From the listing below, please restate exactly the lines beginning at the one with "Confirmation Class of 1957" and ending at the one with "상세 로깅은 왼쪽 Build", both included, and skip the pictures.

# Records shown:

•••••

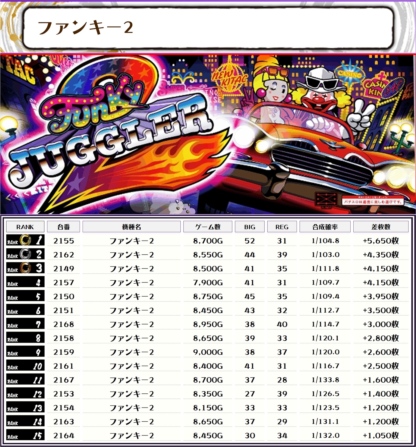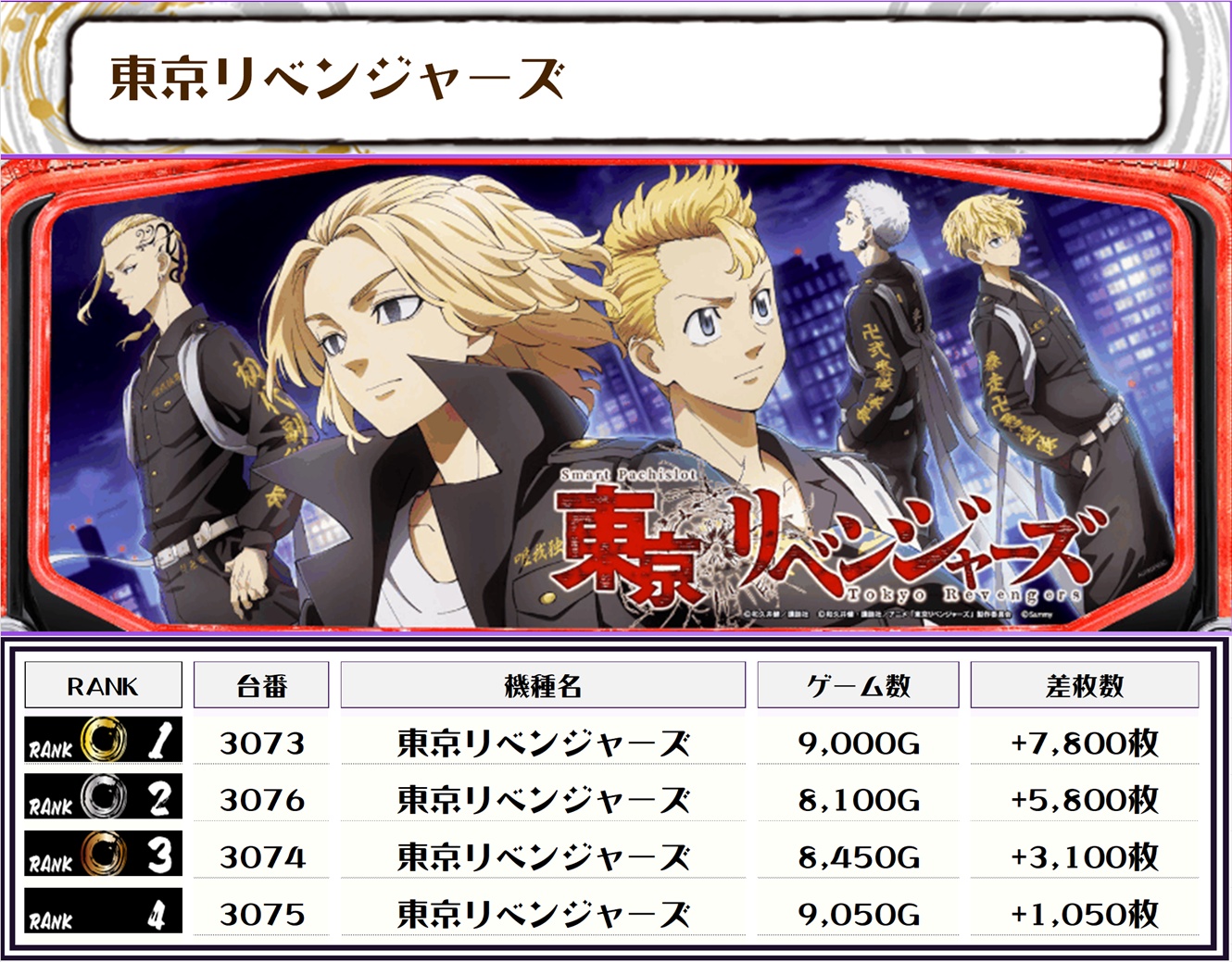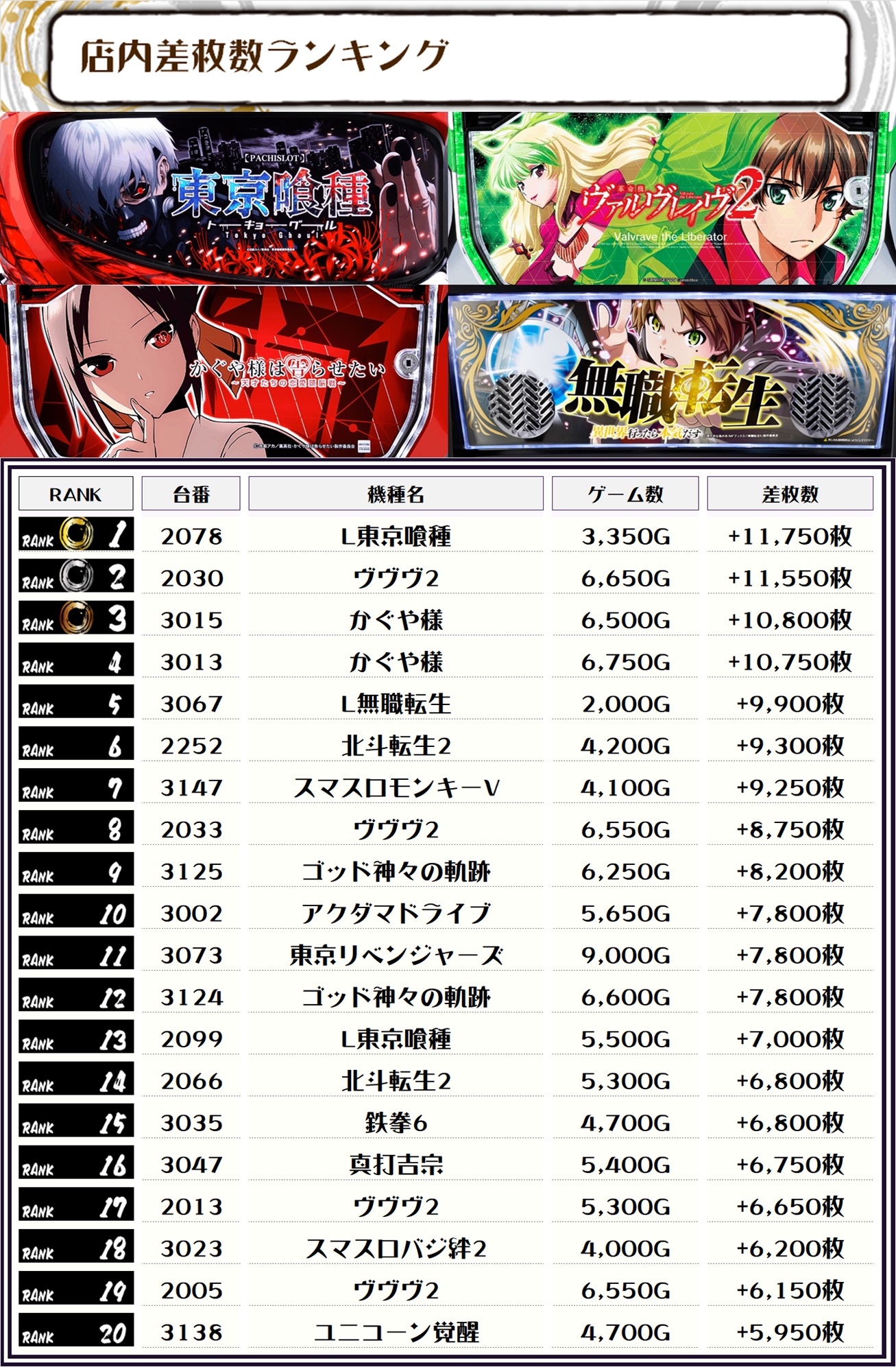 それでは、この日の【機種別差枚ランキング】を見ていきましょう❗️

•••••

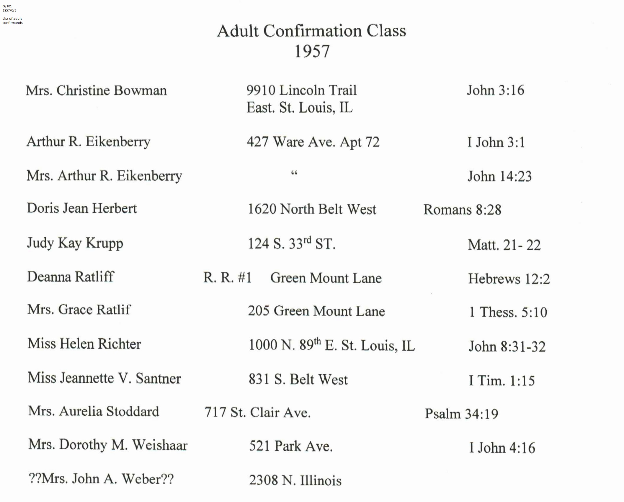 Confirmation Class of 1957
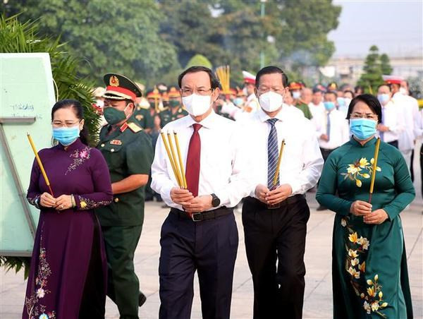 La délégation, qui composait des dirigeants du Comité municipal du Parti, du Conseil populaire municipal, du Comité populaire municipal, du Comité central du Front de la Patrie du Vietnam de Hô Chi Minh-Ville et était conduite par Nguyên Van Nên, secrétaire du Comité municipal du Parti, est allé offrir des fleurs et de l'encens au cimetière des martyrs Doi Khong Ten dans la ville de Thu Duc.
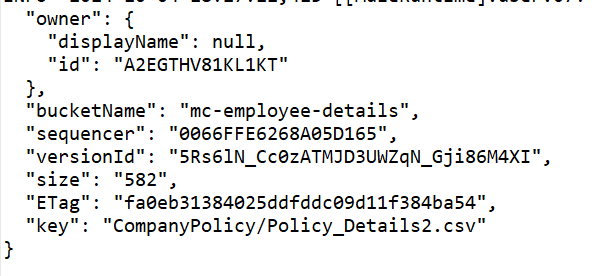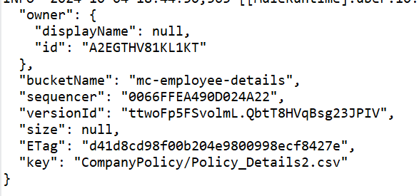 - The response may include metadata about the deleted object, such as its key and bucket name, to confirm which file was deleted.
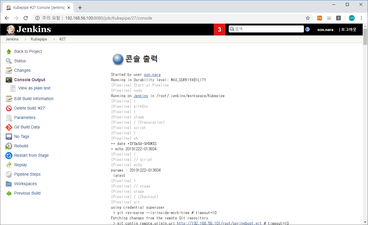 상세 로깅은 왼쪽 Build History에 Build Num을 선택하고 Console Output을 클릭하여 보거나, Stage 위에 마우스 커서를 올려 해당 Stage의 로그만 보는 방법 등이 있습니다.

•••••

# Exercise response:
 Confirmation Class of 1957
 La délégation, qui composait des dirigeants du Comité municipal du Parti, du Conseil populaire municipal, du Comité populaire municipal, du Comité central du Front de la Patrie du Vietnam de Hô Chi Minh-Ville et était conduite par Nguyên Van Nên, secrétaire du Comité municipal du Parti, est allé offrir des fleurs et de l'encens au cimetière des martyrs Doi Khong Ten dans la ville de Thu Duc.
 - The response may include metadata about the deleted object, such as its key and bucket name, to confirm which file was deleted.
 상세 로깅은 왼쪽 Build History에 Build Num을 선택하고 Console Output을 클릭하여 보거나, Stage 위에 마우스 커서를 올려 해당 Stage의 로그만 보는 방법 등이 있습니다.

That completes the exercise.